Required work: Pictures excluded, reproduce exactly the lines below from the one with "Bir damadını enerji" through the one with "Figure 3. (a)", both included.

Records to process:

•••

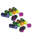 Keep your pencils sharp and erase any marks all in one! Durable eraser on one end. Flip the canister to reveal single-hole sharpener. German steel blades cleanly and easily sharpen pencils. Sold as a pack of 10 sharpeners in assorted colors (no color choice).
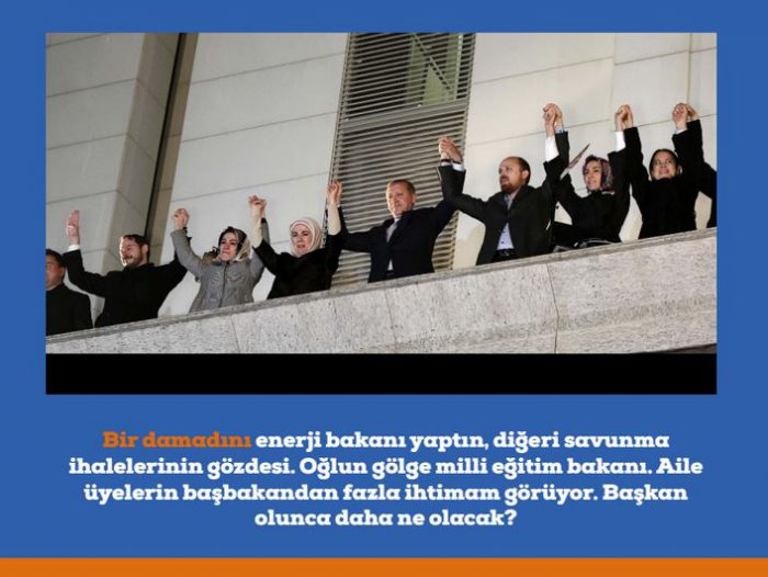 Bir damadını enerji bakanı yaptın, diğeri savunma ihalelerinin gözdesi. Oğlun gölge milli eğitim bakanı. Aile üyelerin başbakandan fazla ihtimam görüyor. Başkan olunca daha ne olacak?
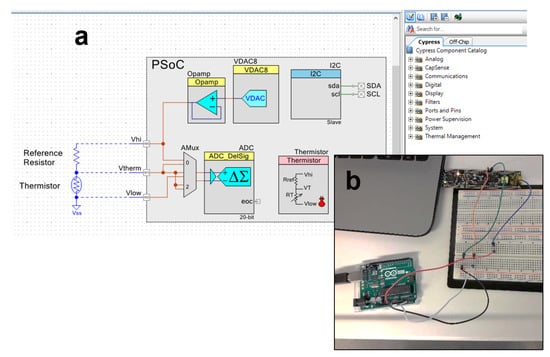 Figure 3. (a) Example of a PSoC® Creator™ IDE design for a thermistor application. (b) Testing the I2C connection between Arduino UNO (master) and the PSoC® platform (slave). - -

•••

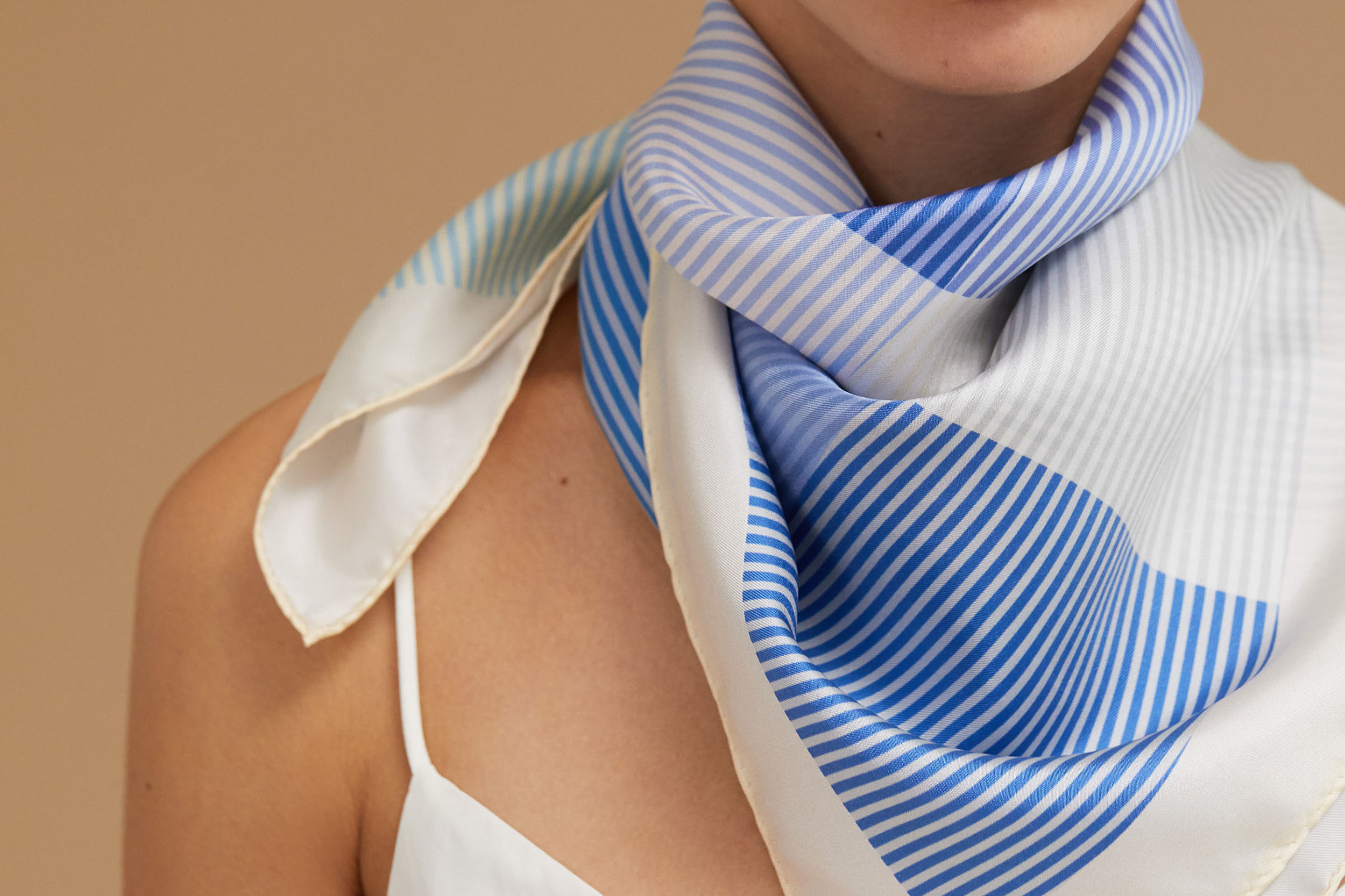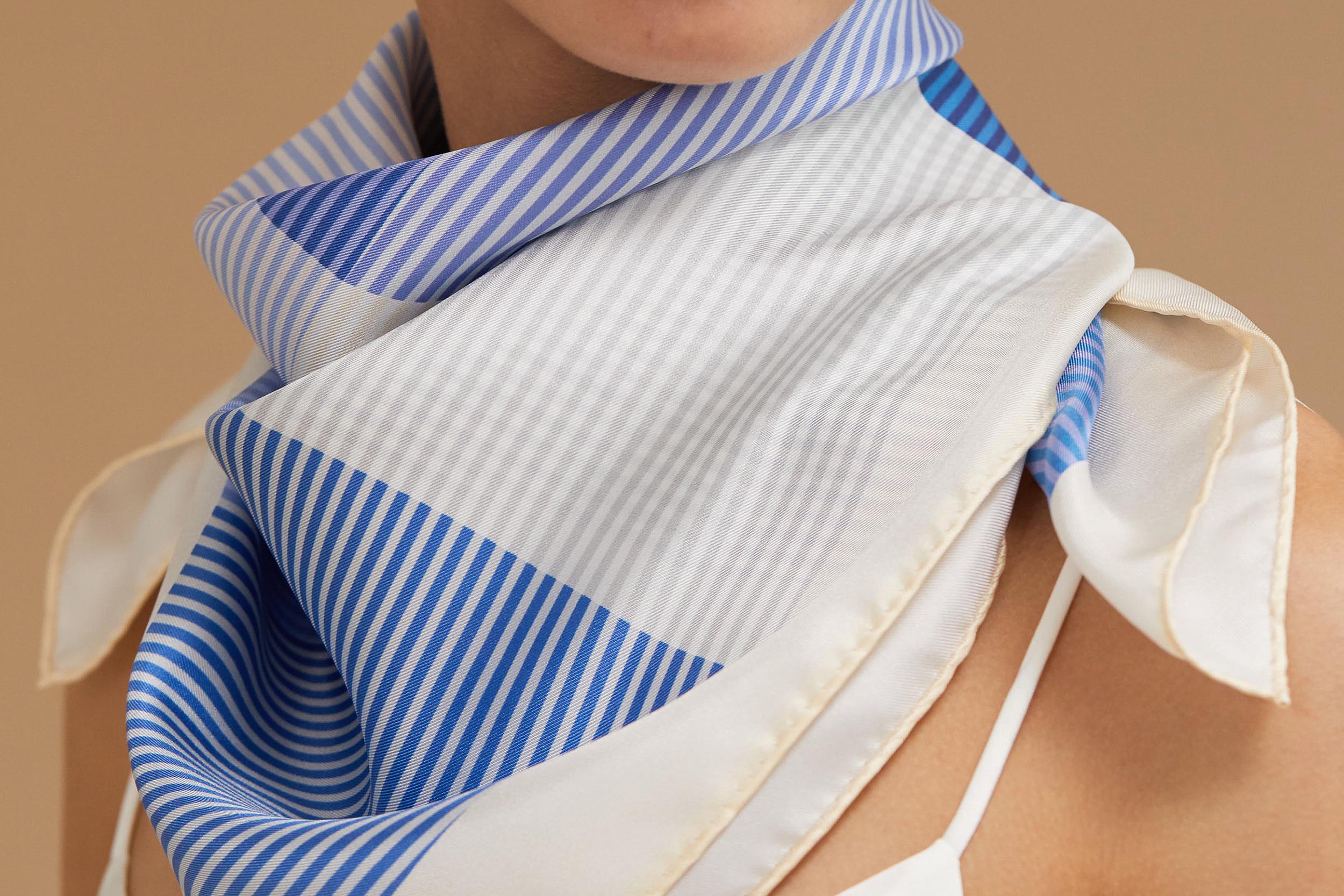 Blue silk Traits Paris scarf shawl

•••

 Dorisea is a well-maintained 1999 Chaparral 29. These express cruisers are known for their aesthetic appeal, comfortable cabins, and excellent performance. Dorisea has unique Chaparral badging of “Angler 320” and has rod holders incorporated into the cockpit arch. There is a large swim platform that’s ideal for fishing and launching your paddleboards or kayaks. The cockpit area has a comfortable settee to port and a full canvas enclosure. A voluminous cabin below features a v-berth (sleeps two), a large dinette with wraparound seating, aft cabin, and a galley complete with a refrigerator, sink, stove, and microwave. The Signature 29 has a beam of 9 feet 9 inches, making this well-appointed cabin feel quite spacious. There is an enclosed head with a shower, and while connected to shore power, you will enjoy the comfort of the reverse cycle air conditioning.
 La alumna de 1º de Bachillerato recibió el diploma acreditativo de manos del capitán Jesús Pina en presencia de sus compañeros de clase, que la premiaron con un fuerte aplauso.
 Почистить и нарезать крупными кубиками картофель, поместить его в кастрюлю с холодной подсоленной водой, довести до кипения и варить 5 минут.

•••

Task result:
 Bir damadını enerji bakanı yaptın, diğeri savunma ihalelerinin gözdesi. Oğlun gölge milli eğitim bakanı. Aile üyelerin başbakandan fazla ihtimam görüyor. Başkan olunca daha ne olacak?
 Figure 3. (a) Example of a PSoC® Creator™ IDE design for a thermistor application. (b) Testing the I2C connection between Arduino UNO (master) and the PSoC® platform (slave). - -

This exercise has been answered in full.